Outro aspecto relevante observado foi a sociabilidade entre os idosos. Ao se encontrarem
momentos antes da aula, costumam conversar, contar sobre situações que vivem em suas
famílias, as preocupações com os filhos, isso demonstra como estão fortemente vinculadas ao
meio familiar. Em conversas informais com algumas mulheres, elas afirmam que as atividades
físicas do PLS refletem nas práticas mais simples do cotidiano, como por exemplo, subir as
escadas. No imaginário destes idosos, há uma responsabilidade com o estilo de vida e os
comportamentos para que a idade não seja expressa no corpo.
De acordo com Vincent Caradec (2011), o envelhecimento é vivenciado por meio do
corpo orgânico, da aparência e da energia, que manifestam preocupações relacionadas à saúde,
beleza e forma. Envelhecer não é um processo aceito com facilidade. As pessoas que se deparam
com esse processo, enfrentam a situação exercendo um “trabalho” sobre o próprio corpo, com a
finalidade de mantê-lo jovem e saudável, longe dos “males da idade”.

CONSIDERAÇÕES FINAIS

Este trabalho traz dois grupos de idosos vivendo em contextos sociais diferenciados,
alguns que com idades cronológicas muito próximas aparentam serem mais envelhecidos,
amargurados, tristes com a condição de seus corpos e sua realidade atual. O tempo no contexto
do asilo é vivenciado por meio de um tipo de controle, o controle das emoções, o controle dos
horários, aqui se encontra uma geração que envelhece sem vínculos com familiares, estes que
foram rompidos por diversas razões e que não foi possível investigar neste trabalho e nem vem ao
caso.
No outro grupo verificamos também controle a partir da promessa que o discurso médico
faz ao constatar que o idoso pode ser saudável e prevenir diversos problemas de saúde e assim
viver um envelhecimento feliz e independente.

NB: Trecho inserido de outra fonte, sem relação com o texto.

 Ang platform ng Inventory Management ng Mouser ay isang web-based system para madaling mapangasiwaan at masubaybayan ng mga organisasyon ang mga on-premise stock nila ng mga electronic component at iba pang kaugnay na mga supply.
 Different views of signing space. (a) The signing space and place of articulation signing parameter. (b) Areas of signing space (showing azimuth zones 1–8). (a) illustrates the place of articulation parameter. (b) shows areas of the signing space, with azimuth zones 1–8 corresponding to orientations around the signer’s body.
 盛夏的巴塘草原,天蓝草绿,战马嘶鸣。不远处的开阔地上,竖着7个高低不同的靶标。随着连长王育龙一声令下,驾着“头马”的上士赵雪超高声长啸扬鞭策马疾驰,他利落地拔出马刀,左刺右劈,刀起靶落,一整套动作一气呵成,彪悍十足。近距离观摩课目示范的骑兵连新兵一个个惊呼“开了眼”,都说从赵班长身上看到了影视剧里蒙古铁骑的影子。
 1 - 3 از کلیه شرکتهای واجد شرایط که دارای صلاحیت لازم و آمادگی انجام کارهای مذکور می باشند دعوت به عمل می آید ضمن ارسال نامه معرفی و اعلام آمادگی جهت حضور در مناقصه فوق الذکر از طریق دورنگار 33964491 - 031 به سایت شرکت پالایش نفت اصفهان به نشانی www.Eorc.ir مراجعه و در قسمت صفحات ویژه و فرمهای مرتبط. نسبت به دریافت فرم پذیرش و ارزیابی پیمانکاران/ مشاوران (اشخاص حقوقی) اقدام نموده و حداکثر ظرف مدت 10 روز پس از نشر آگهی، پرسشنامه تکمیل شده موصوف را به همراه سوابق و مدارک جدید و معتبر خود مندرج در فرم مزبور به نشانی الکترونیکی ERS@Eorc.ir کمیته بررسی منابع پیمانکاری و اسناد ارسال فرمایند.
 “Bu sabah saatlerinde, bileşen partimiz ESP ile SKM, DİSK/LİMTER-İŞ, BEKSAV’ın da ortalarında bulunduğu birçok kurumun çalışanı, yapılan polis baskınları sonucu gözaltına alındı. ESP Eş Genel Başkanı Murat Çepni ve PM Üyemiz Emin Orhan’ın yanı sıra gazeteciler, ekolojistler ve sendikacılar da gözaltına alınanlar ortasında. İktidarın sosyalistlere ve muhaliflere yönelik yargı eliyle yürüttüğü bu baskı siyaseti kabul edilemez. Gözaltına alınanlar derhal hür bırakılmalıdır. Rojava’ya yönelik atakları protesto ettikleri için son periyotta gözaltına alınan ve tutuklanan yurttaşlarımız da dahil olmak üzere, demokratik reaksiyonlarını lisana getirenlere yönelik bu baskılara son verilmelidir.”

A compreensão do envelhecimento do corpo aqui apresentada direciona a reflexão sobre
as relações de gênero e geracionais a partir das especificidades de cada contexto analisado. O
discurso dos idosos do asilo é construído por meio de suas emoções sentidas a partir da mulher
que “eu era”, ou seja, do corpo “que eu tinha” e dos idosos da afirmação da masculinidade a
partir do atributo do “ser trabalhador”, ou seja, ter um trabalho. Os asilados também apresentam
sentimentos negativos em relação ao envelhecimento e suas atuais condições. O sentimento de
infelicidade, amargura e frustração apareceu com mais frequência na fala das mulheres. Esta
evidência pode estar relacionada ao universo simbólico feminino desta geração pautada na esfera
doméstica, que ser mulher era ser esposa e mãe, neste sentido casar e ter uma casa.

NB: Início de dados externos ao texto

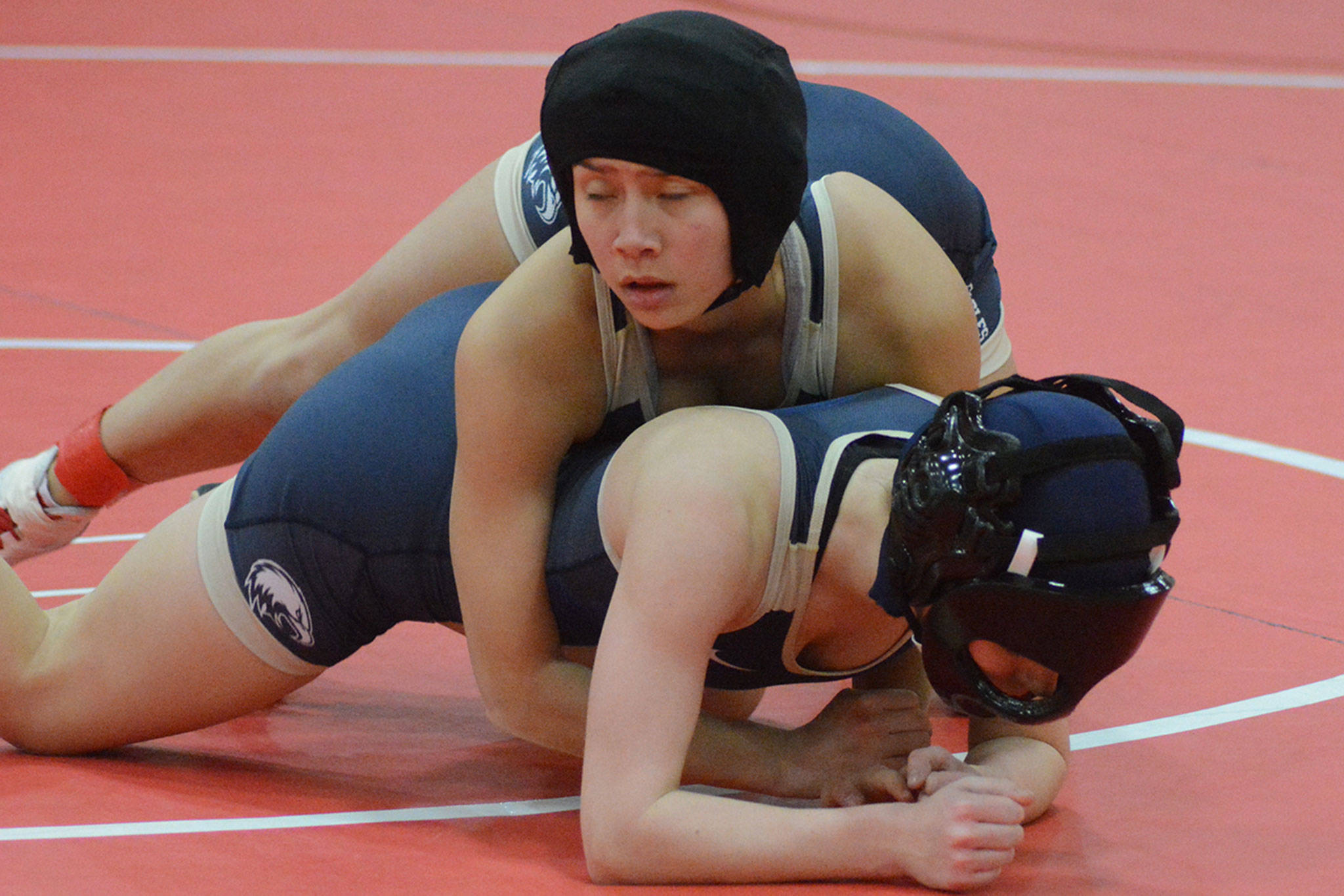 At 110 pounds, two Arlington girls battled head to head. Vivian Potong ended up beating fellow Eagle Taylor Chapman 25-10.

Os idosos do Programa Longevidade Saudável aparentam ser mais “saudáveis”, logo
“menos velhos”, pois os significados do local que frequentam, este que não é permanente como o
asilo, contribui para muitos construírem laços de sociabilidade e sentimentos de autonomia aos
seus corpos, pois vão ao PLS com o objetivo de “se cuidar”.